Re: How The State Divides and Rules

Posted: Wed Feb 06, 2013 5:26 pm
by mapoui
the state always divides. ALWAYS!

I posted that article and quote above to set up the debate. that is what has been going on in the USA since the 1670's with Bacons Rebellion.

THE ABSOLUTE GROUND LEVEL RULE FOR THE ELITES WAS NEVER TO ALLOW ORDINARY WHITE FOLK AND NIG NOGS..BOTH ON THE BOTTOM LEVELS OF SOCIETY AND CONSTITUTING THE MAJORITY DEMOGRAPHIC... TO UNITE.

american society has been literally organised on that principle for every time those two groups saw their way clear, found any room, they united against the state, battled and won advances the state did not want to give. they actually succeeded in the 1670's and set up a state which the British destroyed with massive cannon fire.
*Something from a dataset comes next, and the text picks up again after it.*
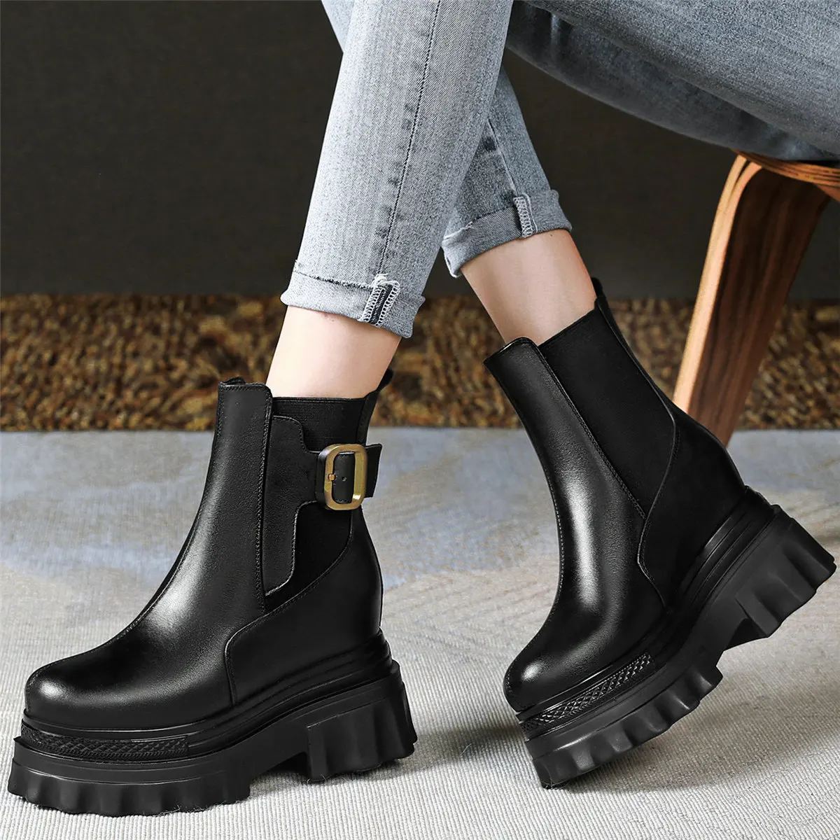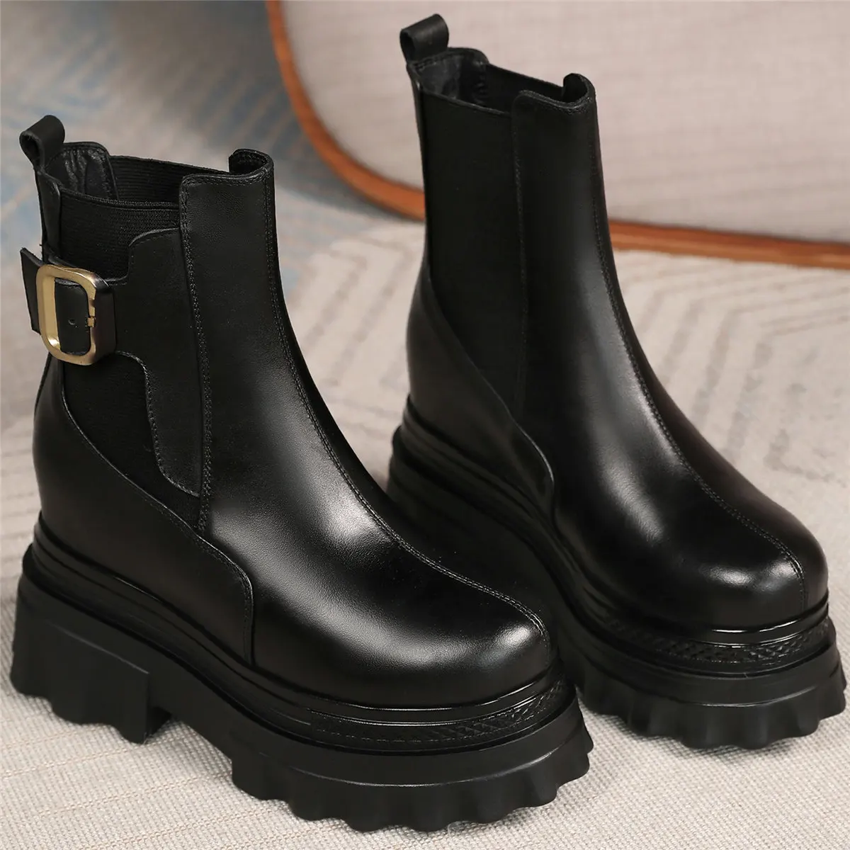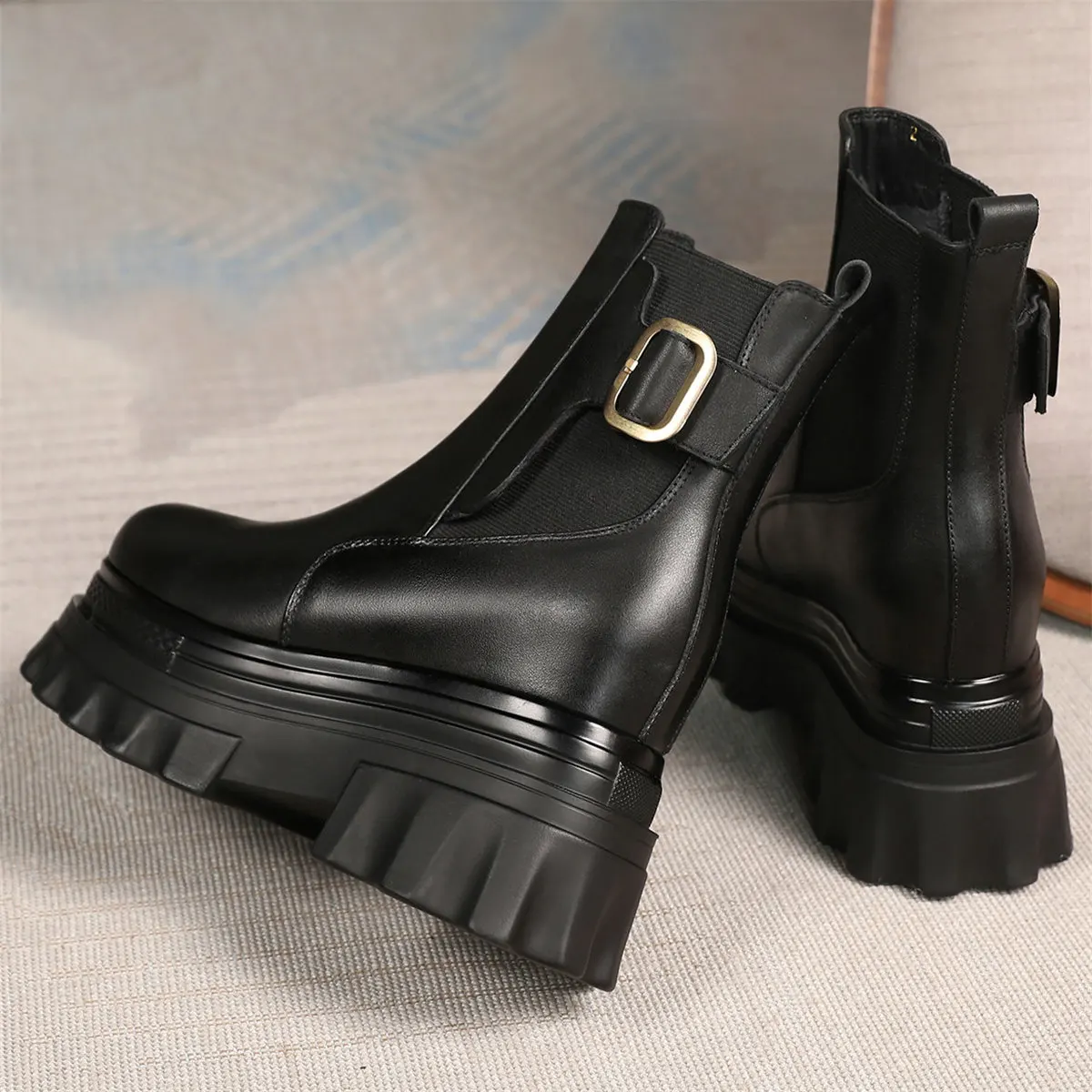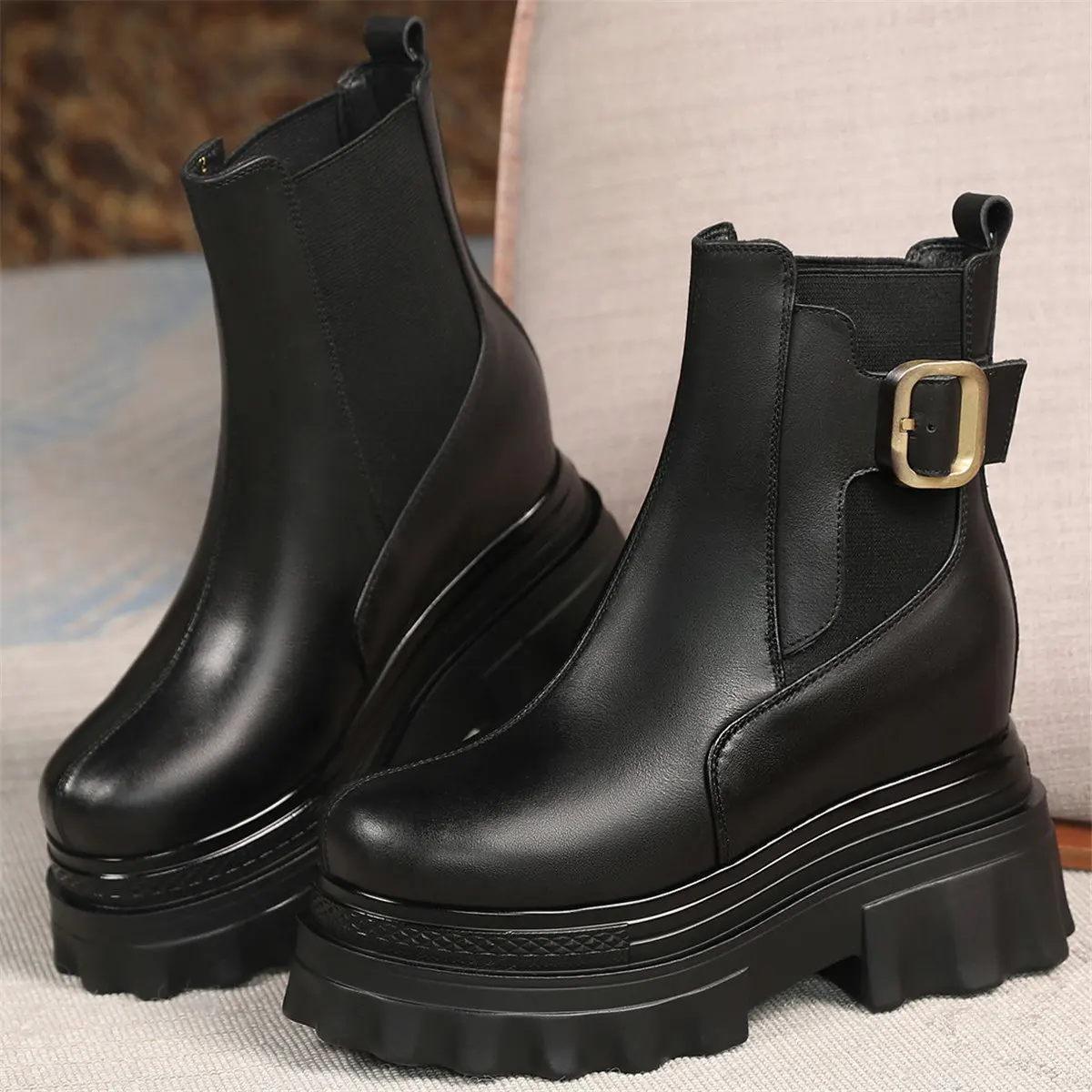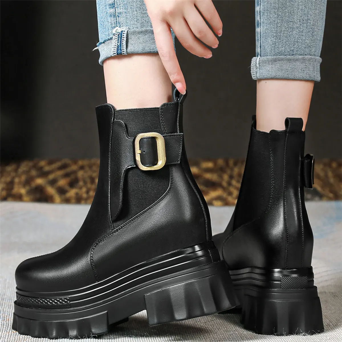 Winter Fashion Sneakers Women Genuine Leather Wedges High Heel Motorcycle Boots Female Round Toe Platform Pumps Casual Shoes

modern racist is founded on this reality, history and dread need of the state to keep control. a way had to be found to divide the oppressed and that way is modern racism..the result of centuries of struggle between the enslaved and oppressed..black and white.. and their oppressiors

Re: How The State Divides and Rules

Posted: Wed Feb 06, 2013 5:35 pm
by mapoui
now it is possible to get a clear picture of the black elitist traitor Booker Washington who argued for black people to lose the vote, supported Jim Crow.

all the crap abut Booker T is washed away by approach though political economy or the materialist method, he was elite and represented the elites so class was fundamental not race in that issue although it could be seen or discussed but in racial terms. but race was not decisive at all

it is the very same thing with elitist Obama who looks out for the interest of rich americans... not the people who voted the traitorous skunt into power. that is why everything Obama says is a lie..why all his polices turn out to be disastrous for ordinary people, are exposed to be lies from start to finish.

just watch allyuh at how his Health Plans turns out to cream ordinary americans after all the lies about bringing health to all americans

Re: How The State Divides and Rules

Posted: Thu Feb 07, 2013 2:09 am
by mikesiva
I didn't know that about Booker Washington....

It reminds me about the Maroons in Jamaica, and the free "coloureds" in Jamaica too....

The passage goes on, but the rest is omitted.